AgentSkillsCN

service-mesh-observability

为服务网格实现全面的可观测性,包括分布式追踪、指标监控与可视化。在搭建网格监控体系、排查延迟问题或实施 SLO 时,可加以应用。

SKILL.md
--- frontmatter
name: service-mesh-observability
description: Implement comprehensive observability for service meshes including distributed tracing, metrics, and visualization.
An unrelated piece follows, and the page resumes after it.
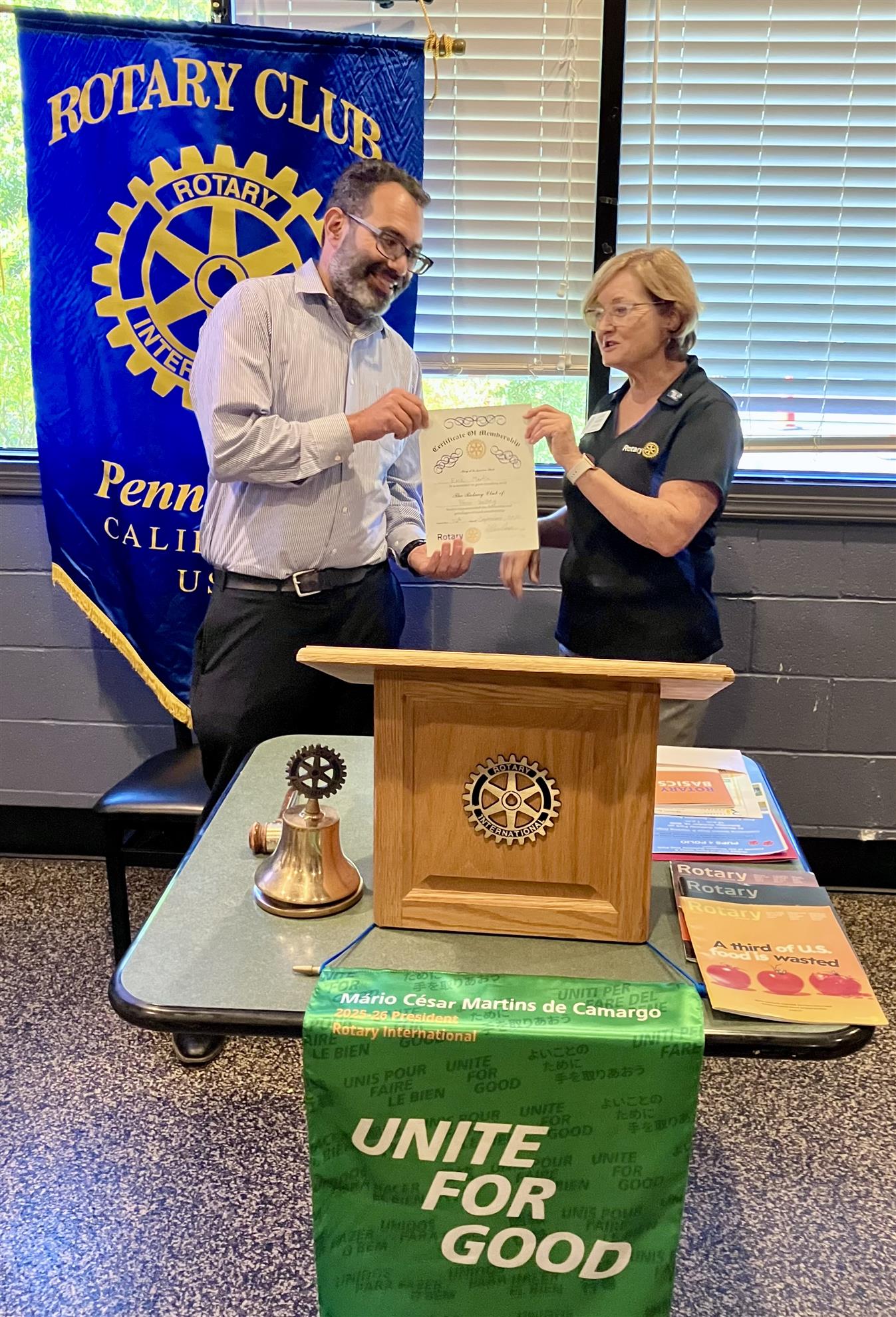 Welcome New Members 2025-26 Janet Wheeling, Vineyard Owner Bridget Grant (far left), Event Coordinator Linda Lee, Author and Photographer Eric Martin, Chief Correspondent & Writer, Shipping Industry Patrick Eagle, Principal, Ready Springs School

Use when setting up mesh monitoring, debugging latency issues, or implementing SLOs 
category: Creative & Media
source: antigravity
tags: [node, api, ai, template, image, kubernetes, rag, cro]
url: https://github.com/sickn33/antigravity-awesome-skills/tree/main/skills/service-mesh-observability

Service Mesh Observability

Complete guide to observability patterns for Istio, Linkerd, and service mesh deployments.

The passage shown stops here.